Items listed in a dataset
================================

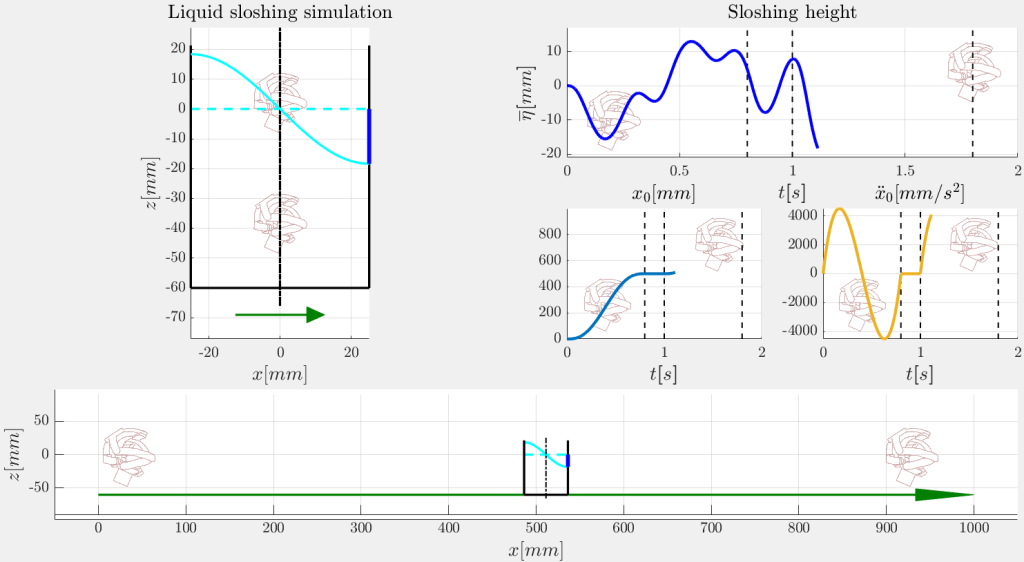 With these trajectories, it is possible to control the liquid free-surface motion and, eventually, to implement anti-spilling constraints.
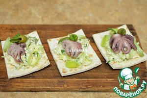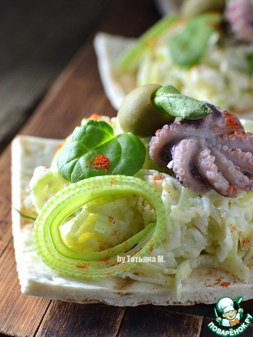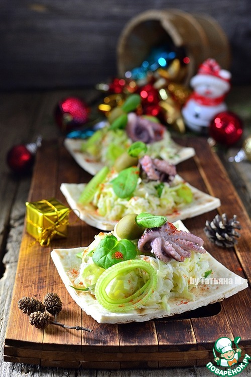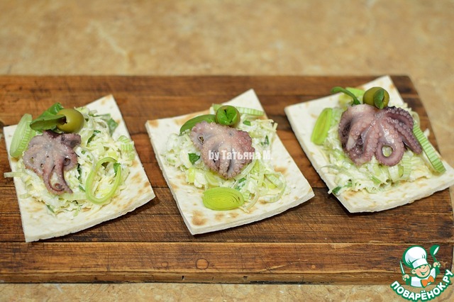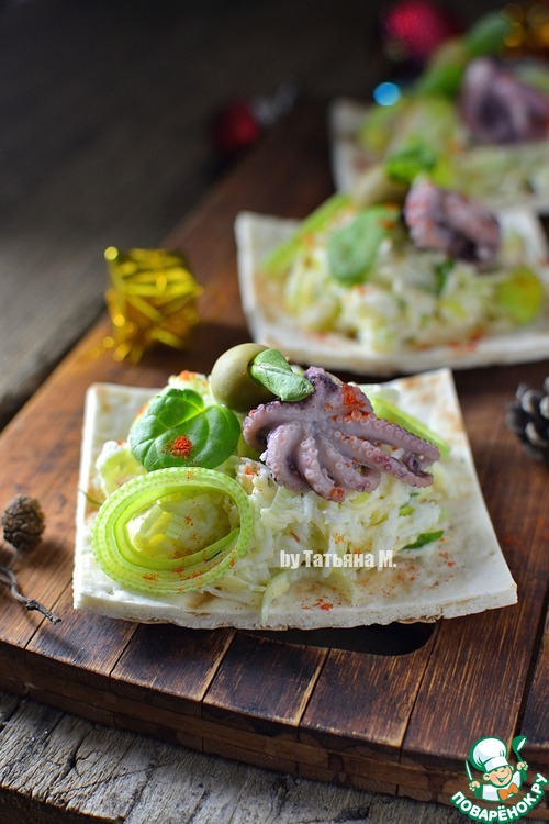 Выложить салат на лепешки, дополнить осьминожкой, оливкой и листьями шпината и лука, чуть присыпать перцем по желанию;
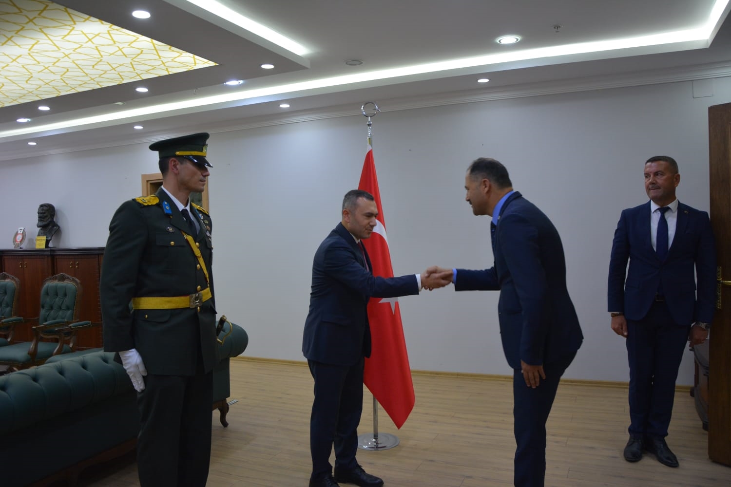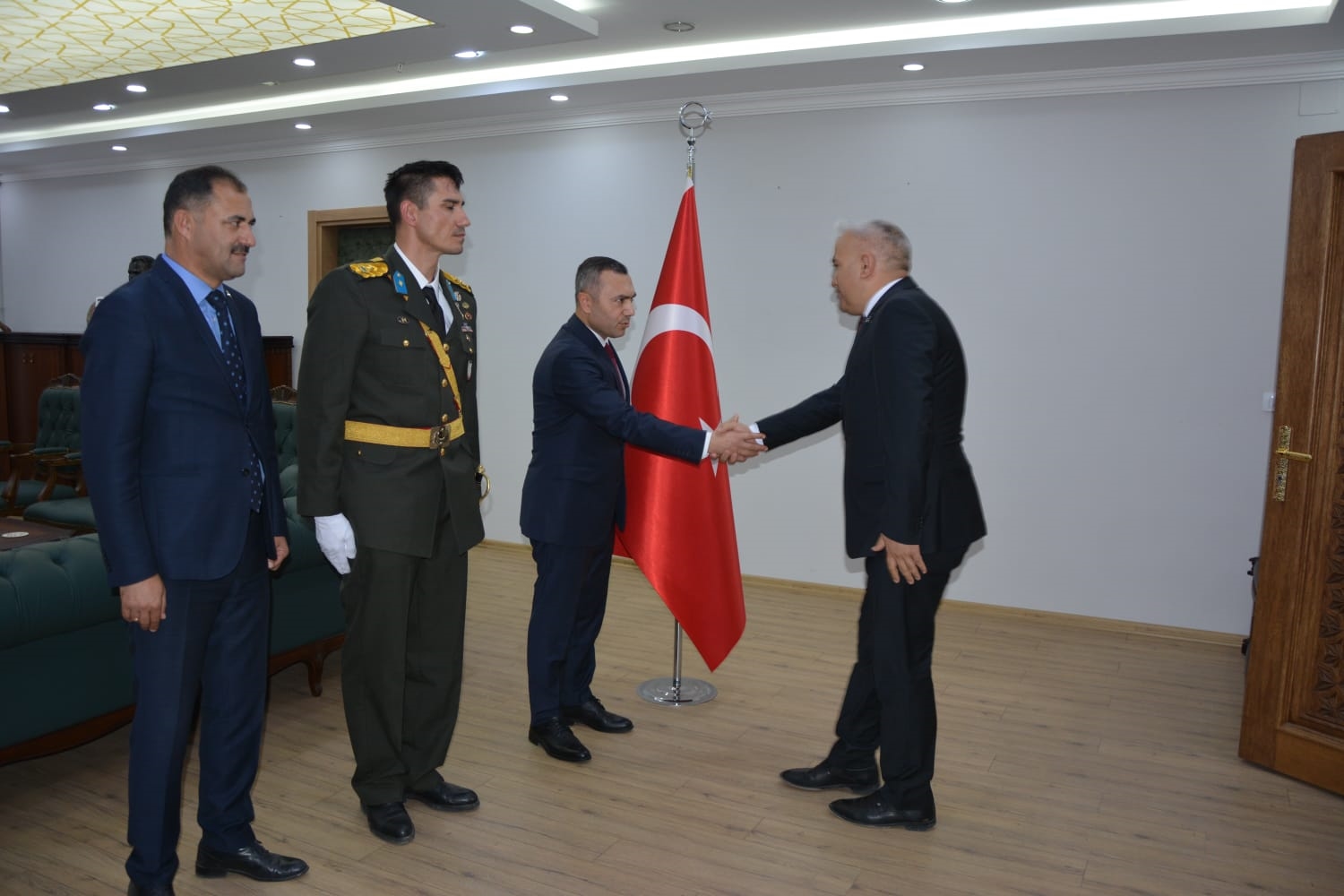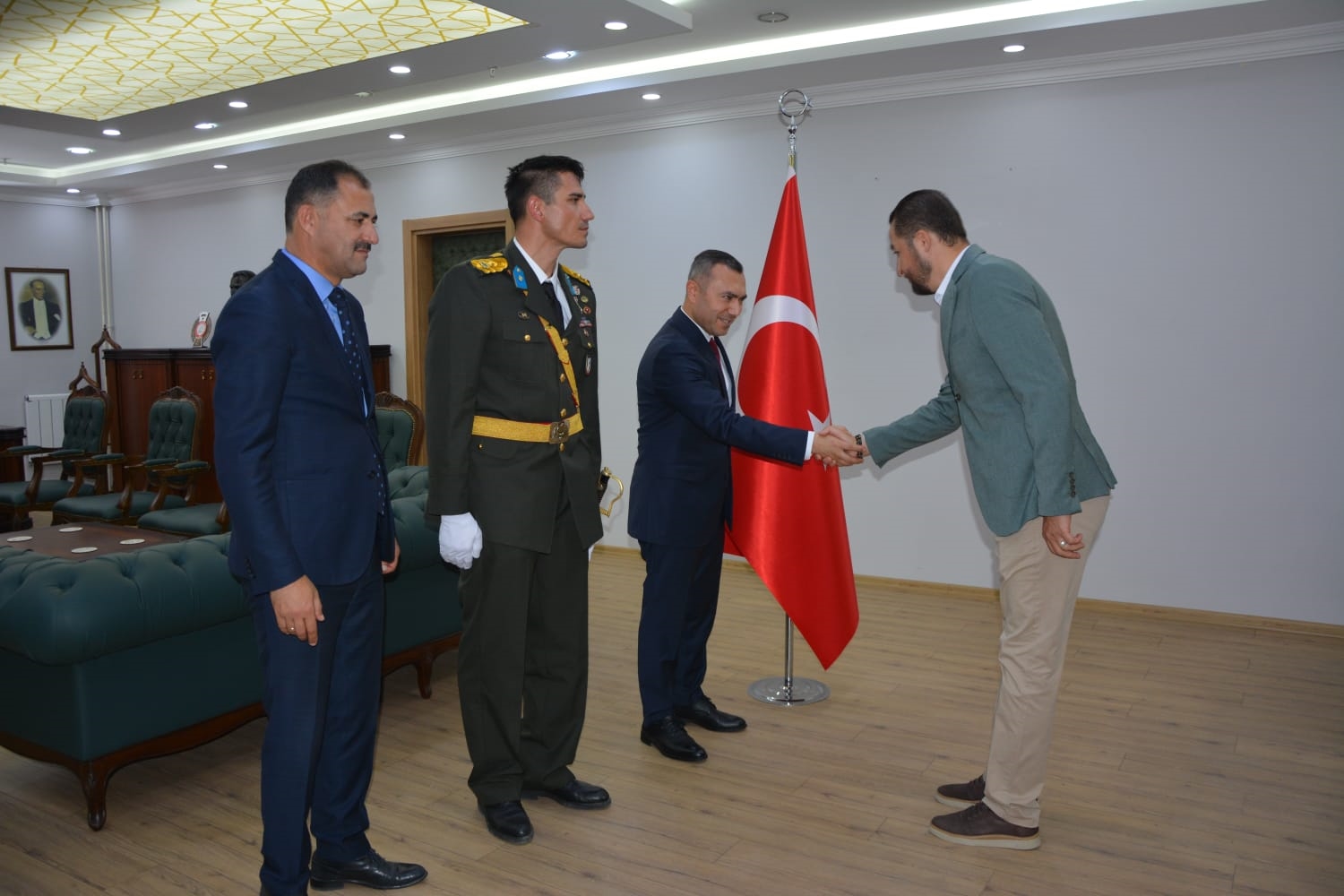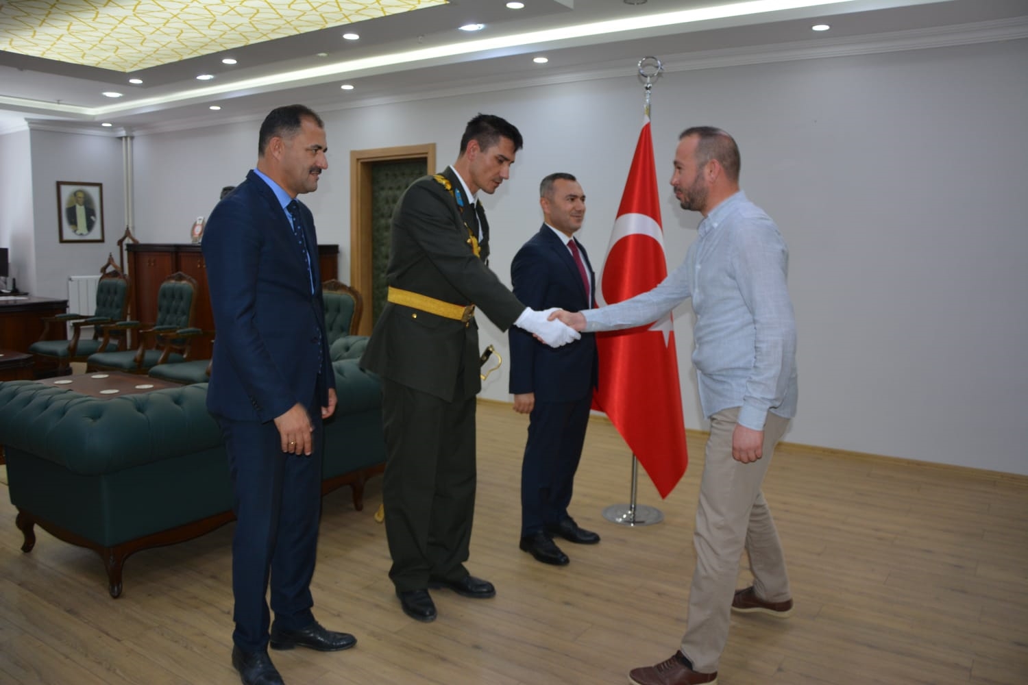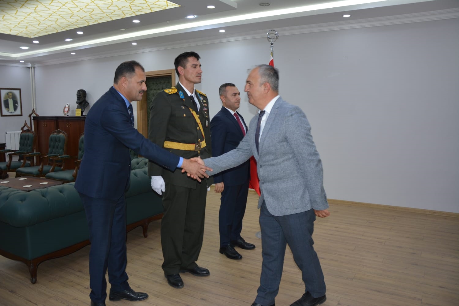 Öğrenciler tarafından okunan şiirlerin ardından Kaymakamımız Yavuz Arslan, Garnizon Komutanı Mly. Binbaşı Hüseyin Cihan Korkmaz ve Belediye Başkanımız Erkan Kara, Kaymakamlık makamında tebrikleri kabul ettiler.
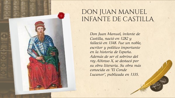 Don Juan Manuel, infante de Castilla, nació en 1282 y falleció en 1348. Fue un noble, escritor y político importante en la historia de España. Además de ser el sobrino del rey Alfonso X, se destacó por su obra literaria. Su obra más conocida es "El Conde Lucanor", publicada en 1335.
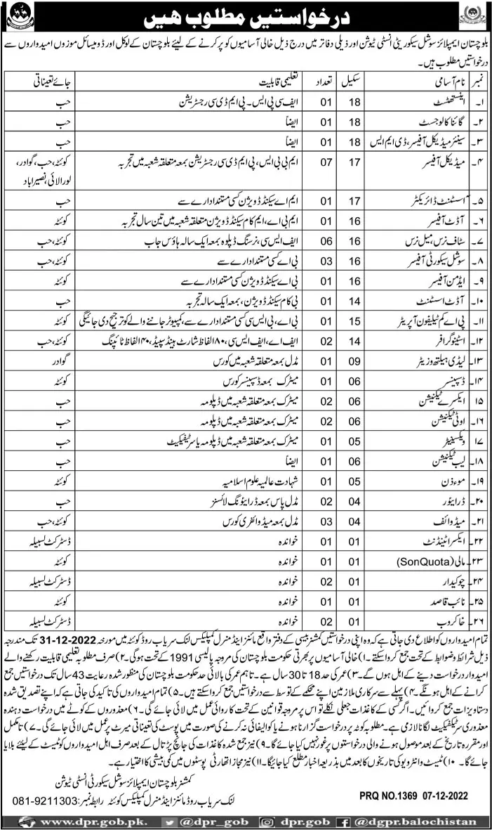 Balochistan Employees Social Security Institution Jobs 2022 announce the Contract career opportunities for the post of See Below Ad in Balochistan, Quetta for the fresh and experienced candidates on Contract basis who have Check Advertisement degree. Posted date of this post is 08/12/2022 and the last date is 31/12/2022. if you are eligible for this job apply before due date.
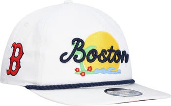 Hit the links in style with this Boston Red Sox Paradise Golfer Snapback Hat from New Era. The Golfer cap features a semi-structured fit with a pinched crown and flat visor, evoking the classic snapback style of the '80s and '90s. Showcasing a tropical team name graphic embroidered in raised detail on the crown, this hat lets you rep the Boston Red Sox wherever you go.
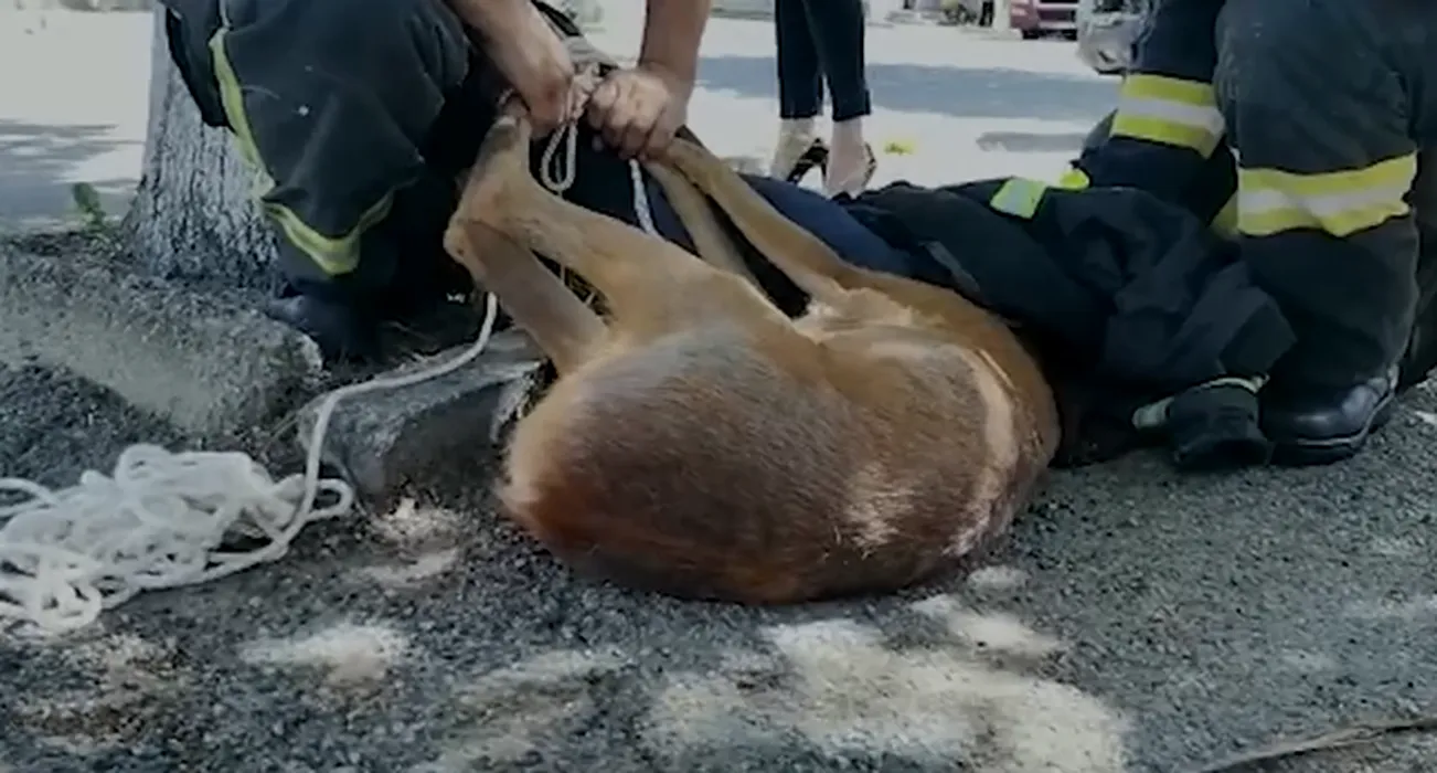 VIDEO | Operațiunea „Bambi”. Cum a ajuns să se ascundă într-o scară de bloc o căprioară speriată. A fost eliberată în pădure de către pompieri
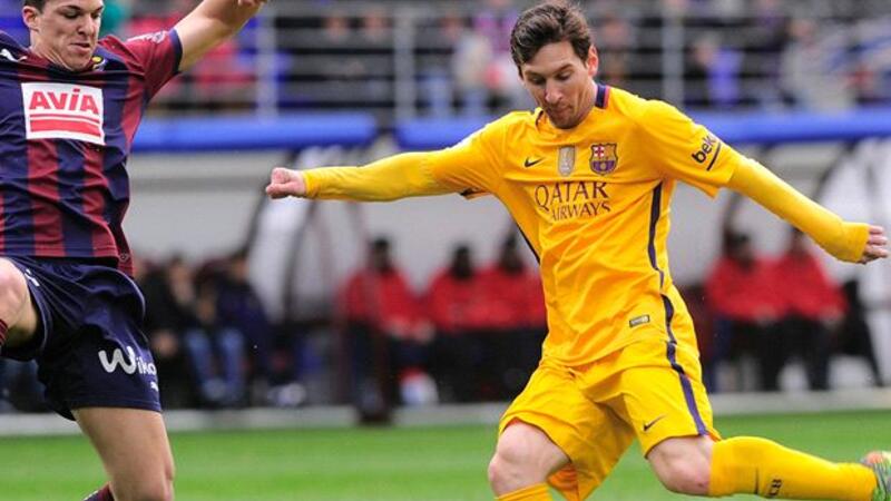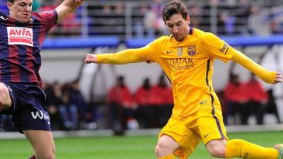 سحق برشلونة مستضيفه آيبار برباعيةٍ دون رد في المباراة التي جرت على ملعب إبوروا مونسيبال لحساب المرحلة الـ 28 من الدوري الإسباني.

================================

TASK REQUIREMENTS: From the records above, transcribe only the stretch from the line with "Hit the links" through the line with "VIDEO | Operațiunea", keeping both ends. Omit pictures.

THE COMPLETED TASK:
 Hit the links in style with this Boston Red Sox Paradise Golfer Snapback Hat from New Era. The Golfer cap features a semi-structured fit with a pinched crown and flat visor, evoking the classic snapback style of the '80s and '90s. Showcasing a tropical team name graphic embroidered in raised detail on the crown, this hat lets you rep the Boston Red Sox wherever you go.
 VIDEO | Operațiunea „Bambi”. Cum a ajuns să se ascundă într-o scară de bloc o căprioară speriată. A fost eliberată în pădure de către pompieri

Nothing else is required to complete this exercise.